Work order: Nothing but text lines should be duplicated: start with the first line of the listing below and stop after the line holding "A Glowing Ramadan", omitting pictures.

Supplied data:
▽
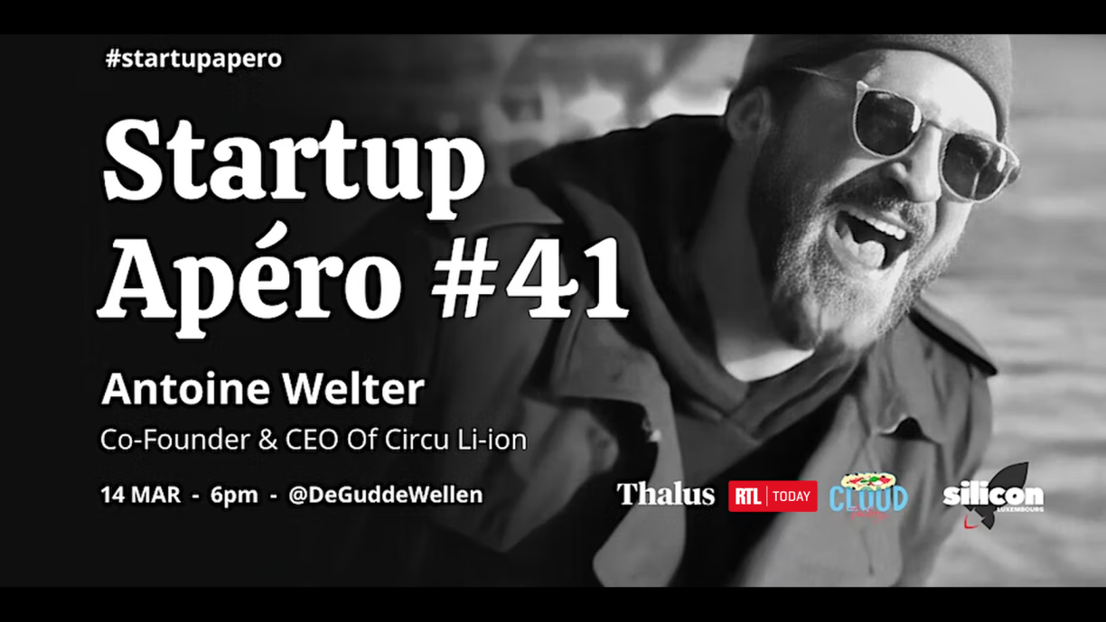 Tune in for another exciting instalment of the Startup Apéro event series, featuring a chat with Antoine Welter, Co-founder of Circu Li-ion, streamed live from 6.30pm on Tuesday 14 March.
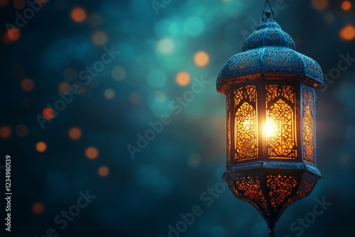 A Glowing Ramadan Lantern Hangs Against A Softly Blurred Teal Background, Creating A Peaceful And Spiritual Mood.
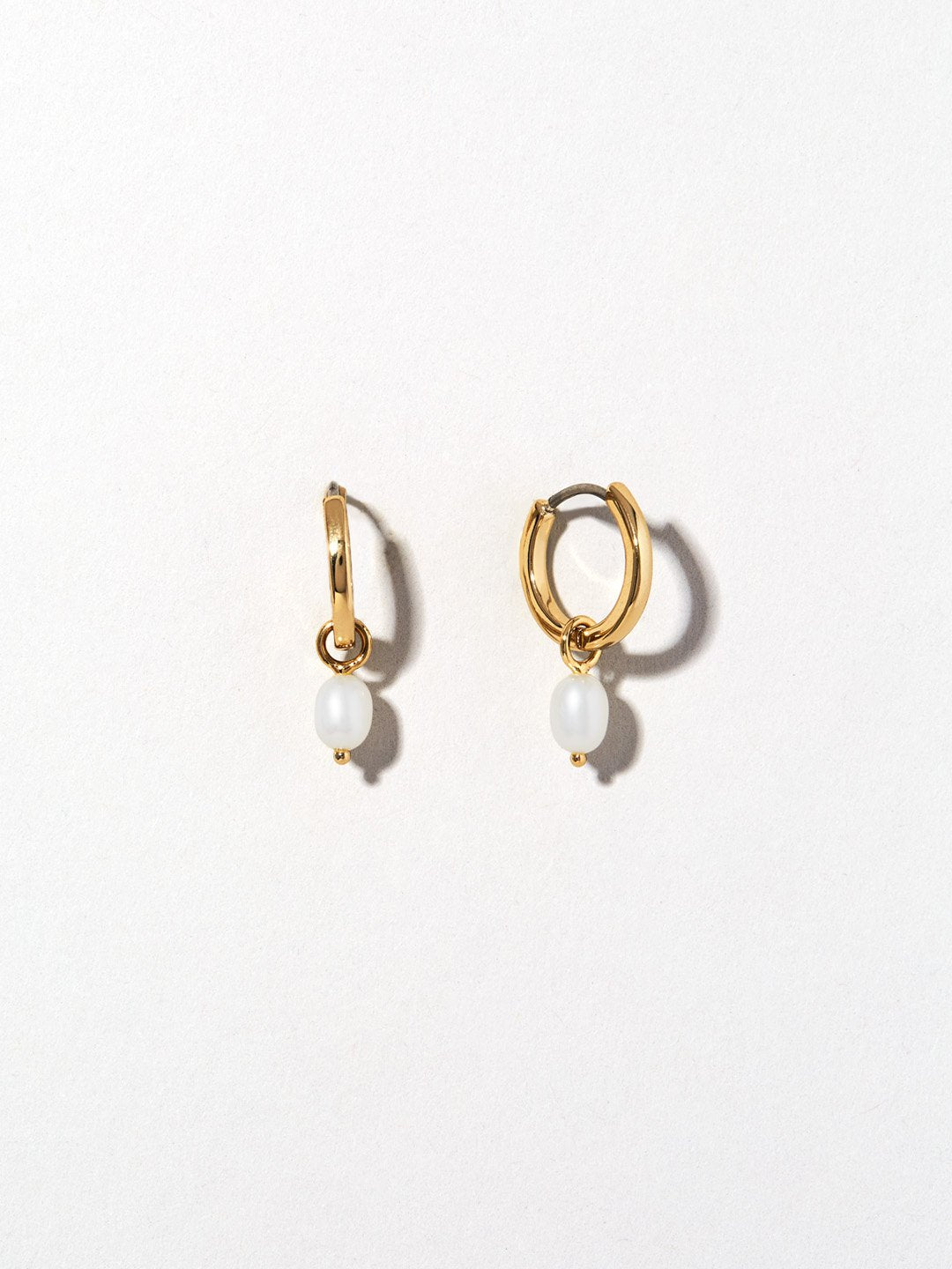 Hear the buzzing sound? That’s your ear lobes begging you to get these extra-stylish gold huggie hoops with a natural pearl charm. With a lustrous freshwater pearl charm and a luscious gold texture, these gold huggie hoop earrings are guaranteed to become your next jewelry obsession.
△
Answer area:
 Tune in for another exciting instalment of the Startup Apéro event series, featuring a chat with Antoine Welter, Co-founder of Circu Li-ion, streamed live from 6.30pm on Tuesday 14 March.
 A Glowing Ramadan Lantern Hangs Against A Softly Blurred Teal Background, Creating A Peaceful And Spiritual Mood.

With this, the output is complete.